Experiment of tumorigenesis
BALB/c mice (n = 6 per group) were subcutaneously (s.c.) injected with 1 × 105 4T1-ITAC cells, 4T1-pcDNA3 or parental 4T1 cells, respectively. Mice were monitored for evidence of tumor growth by palpation and inspection, and tumor size was measured with a digital caliper every 2 or 3 days. The survival of the tumor-bearing mice was observed by daily assessment over 60 days.
Long-term protection experiments
Survived mice from several independent experiments that received the same treatment were pooled and re-challenged with 1 × 105 live 4T1 cells subcutaneously. Naïve mice that were injected with the same number of tumor cells on the same day served as control. Tumor growth was measured as described above. Mice survival was observed over 90 days.

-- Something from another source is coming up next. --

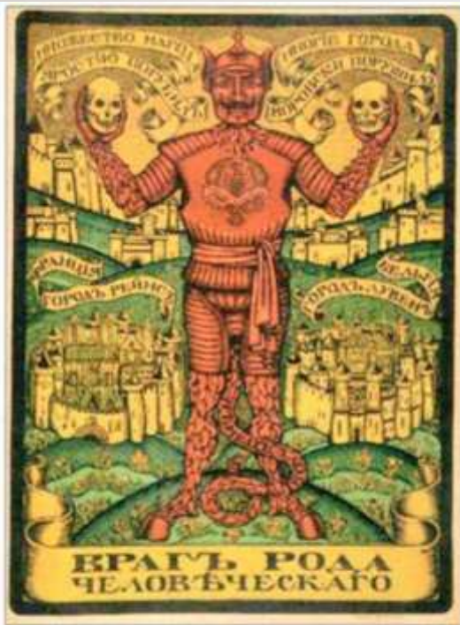
Враг рода человеческого. Лубочный плакат времен Первой мировой войны (1914-1918 гг.).

Во время Русско-турецкой войны 1877-1878 гг. Сытин тиражировал изображения сражений и карты боевых действий, снабдив их подписью: «Для читателей газет. Пособие», что дало немалую прибыль.

Cell isolation from tumor tissue
Fourteen days after subcutaneous injection of 1 × 105 4T1-ITAC cells, 4T1-pcDNA3 or parental 4T1 cells, tumors were resected and cut into pieces, and then suspended in RPMI1640 containing 1.5 mg/ml collagenase IV for 2 h at room temperature with shaking. The resultant single cell suspension was loaded onto Ficoll gradient and tumor-infiltrating lymphocytes were isolated from the interface of gradient after centrifugation.
Flow cytometric assay
One million lymphocytes were stained with goat anti-mouse CXCR3 antibody and PE-conjugated hamster anti-mouse CD3 antibody for analysis of CXCR3+ CD3+ T cell population by flow cytometry. Goat anti-mouse CXCR3 antibody, FITC-conjugated donkey anti-goat IgG, PE-conjugated hamster anti-mouse CD8 antibody (53–6.7), and PerCP-conjugated hamster anti-mouse CD4 antibody (RM4-5) (BD, PharMingen, CA, USA) were used in some of the experiments.
Cell proliferation assay
5 × 105 lymphocytes were seeded in a 96-well plate and incubated for 3 days with Mitomycin C (MMC)-treated parental 4T1 cells for tumor-specific stimulation or with MMC-treated Renca cells to serve as negative control (at tumor:effector cell ratio of 0:1, 1:10, 1:100, 1:1,000). Lymphocytes stimulated with concanavalin A (ConA) were used as a positive control. 3H-thymidine (Shanghai Atomic Energy Institute, Chinese academy of Science) was added at 1 μCi per well for the last 18 h of the 3-day culture. 3H-thymidine incorporation was measured in a liquid scintillation counter (Shanghai Atomic Energy Institute, Chinese Academy of Science). Results are represented as count per minute (cpm).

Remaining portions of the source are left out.